2.4 What are the benefits of RWH ?

The benefits include:

  • Flood mitigation: Appropriately designed recharge structures in open public spaces, will help keep the roads from flooding. When water is not allowed to leave the premises, the chances of it choking up the roads are minimal.

  • Increasing groundwater levels: Marked improvement of both the quantity as well as the quality of the groundwater in areas which have implemented rainwater harvesting

  • Greater water availablity: Rainwater collected in storage tanks is available as and when needed

  • Prevents soil erosion and flooding especially in urban areas

3. Solar Power Systems

3.1 What is net metering?

Net metering is the system that utilities use to credit solar energy system owners for the electricity produced by their solar panels. With net metering, you only pay for the electricity that you use beyond what your solar panels can generate. Net metering policies differ from state to state.

3.2 Can I go off grid with solar panels?

When you install solar panels on your property, you will still be connected to the grid. This allows you to draw from the grid when your system is not producing all of the power that you need, and send power back to the grid when you produce more than you use. It is possible to go off the grid with a solar energy system that includes battery storage, but it will cost significantly more and is unnecessary for the majority of homeowners.

3.3 Is my roof suitable for solar panels?

Southerly-facing roofs with little to no shade and enough space to fit a solar panel system are ideal for installing solar. However, in many cases there are workarounds if your home doesn’t have the ideal solar roof. Contact us to learn more about all of your options; all installation offers are based on images of your actual roof.

3.4 What size solar energy system should I get?

The size of your solar energy system will depend on how much electricity you use on a monthly basis, as well as the space availability where you live. Take a look at your past electricity bills and contact us to determine the best system size for your needs.

4. Biogas

4.1 Why is it beneficial to produce biogas?

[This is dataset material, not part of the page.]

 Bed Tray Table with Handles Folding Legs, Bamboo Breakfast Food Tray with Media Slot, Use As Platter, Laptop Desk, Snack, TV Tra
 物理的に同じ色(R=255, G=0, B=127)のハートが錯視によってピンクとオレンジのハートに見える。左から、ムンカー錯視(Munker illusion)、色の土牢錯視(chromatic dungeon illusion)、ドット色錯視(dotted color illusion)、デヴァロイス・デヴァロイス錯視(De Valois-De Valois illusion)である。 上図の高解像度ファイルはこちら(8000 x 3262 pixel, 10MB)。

Utilization of waste from an enterprise always costs money. If utilization does not cost anything, then it’s probably about creating an environmental hazard. Together with the construction of a biogas complex for the purpose of utilization of industrial waste, a potential profit center is being created at the same time.
For example, cattle manure is not considered to be a waste, but fertilizer on the farm. The Biogas Complex allows a farmer to benefit from the production of biogas, while reducing the level of odors and increasing the quality of organic fertilizers.
In the agro-industrial complex, the biogas complex can be used as the primary waste processing of a particular enterprise, and biogas – to compensate for some energy costs of the enterprise and reduce the amount of recycling of waste.

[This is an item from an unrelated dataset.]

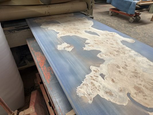1cmほどでブルーの演出をする為、少しの厚みの違い・色の違いでブルーの演出が変わるため、いつも事前にローテーブルを製作します。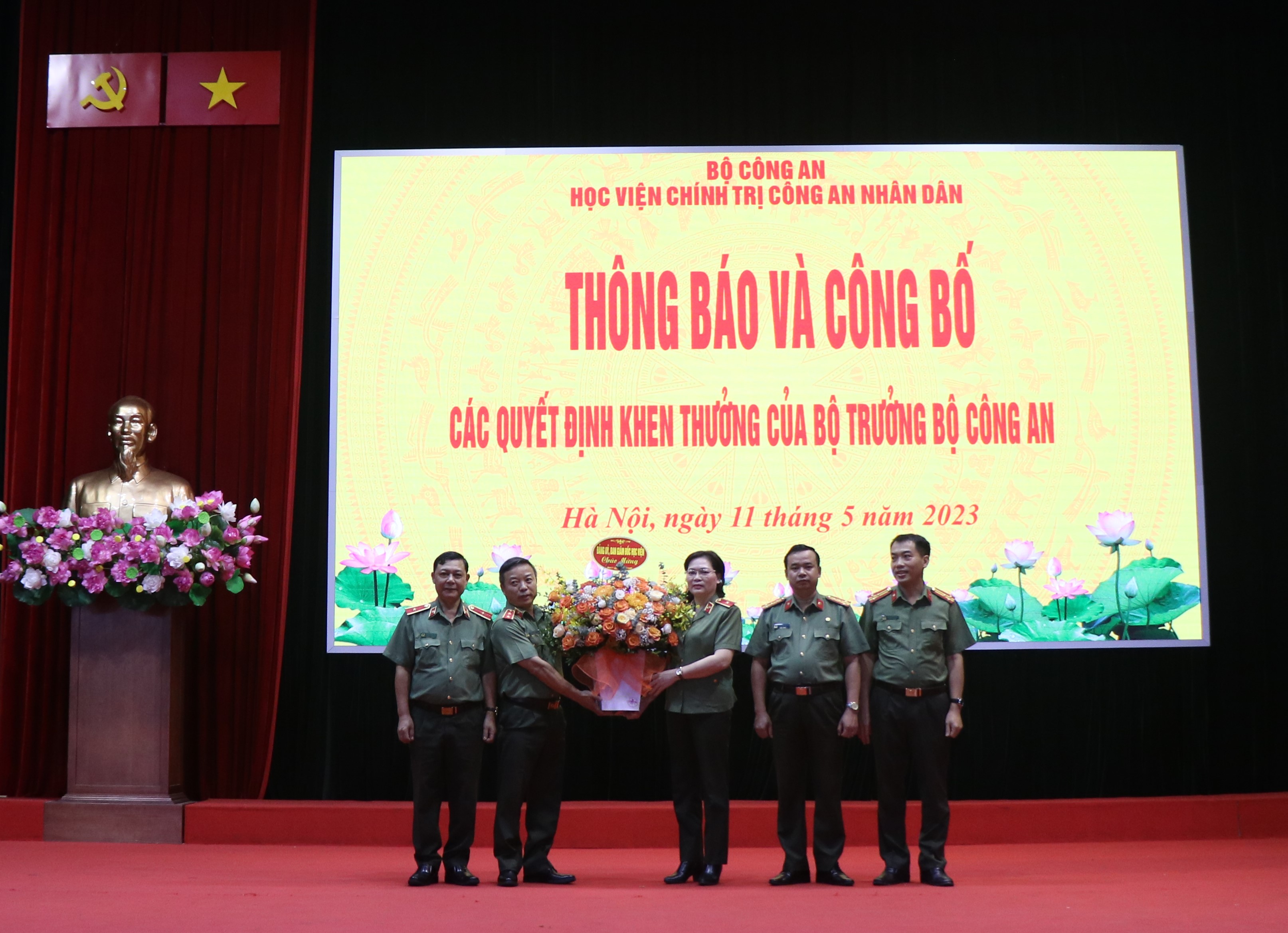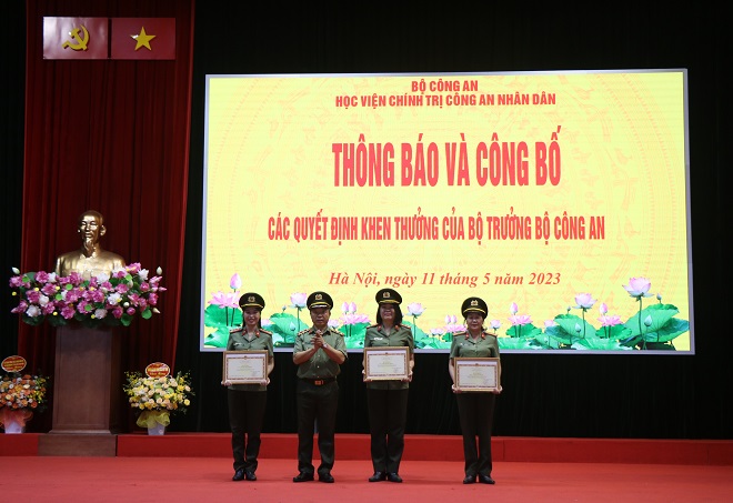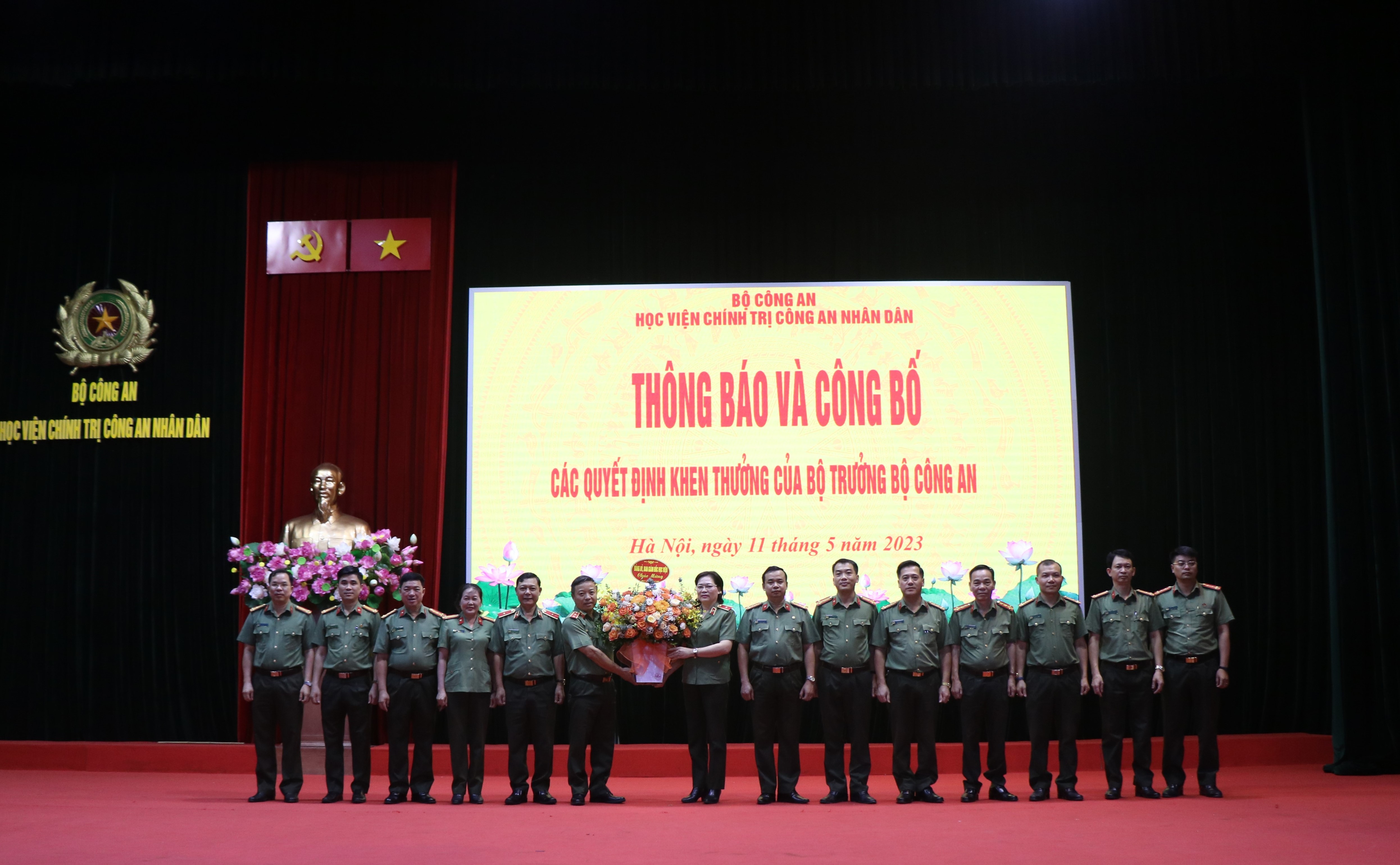 Đồng thời, nhằm tôn vinh, ghi nhận những thành tích đạt được của tập thể thuộc Học viện, ngày 30/11/2022, Bộ trưởng Công an đã Ký quyết định số 9008/QĐ-BCA và ngày 09/12/2022, duyệt ký Quyết định số 9279/QĐ-BCA-X03 về việc tặng Cờ thi đua của Bộ Công an cho tập thể Văn phòng Học viện và Phòng Chính trị đã có thành tích xuất sắc trong phong trào “Vì an ninh Tổ quốc” năm học 2021-2022, góp phần bảo đảm an ninh quốc gia, giữ gìn trật tự, an toàn xã hội. Cũng trong chương trình, Học viện đã tổ chức công bố và chúc mừng 03 giảng viên Học viện được tặng Bằng khen của Bộ Công an đạt danh hiệu Giảng viên dạy giỏi cấp Bộ năm 2022, gồm các đồng chí: Trung tá, TS Nguyễn Tuyết Lan, Trưởng khoa, Khoa khoa học xã hội, nhân văn và Tâm lý; Đại uý, TS Phan Thị Thu Trang, Phó Trưởng khoa, Khoa khoa học xã hội nhân văn và Tâm lý; Đại uý, TS Nguyễn Thị Thanh Nga, giảng viên Khoa Luật.

4.2 What happens to raw materials after biogas production?

Despite the common opinion that the amount of input raw material to fermentation corresponds to the volume of raw material after it, the quality of the raw material improves (virtually no odor, improved fertilizer properties, reduced organic loading and degree of contamination).
The raw material can be divided into solid and liquid fractions, it can also be used as organic bio fertilizer for fields.

4.3 What kinds of waste can produce biogas?

Any kind of organic raw material has the potential of biogas production: crop and livestock waste products, food and processing industries, sugar factories, meat processing plants and slaughterhouses, brewing, etc.
Types of raw materials, with a high content of fibers, for example, wood, are complex and practically unsuitable for biogas production.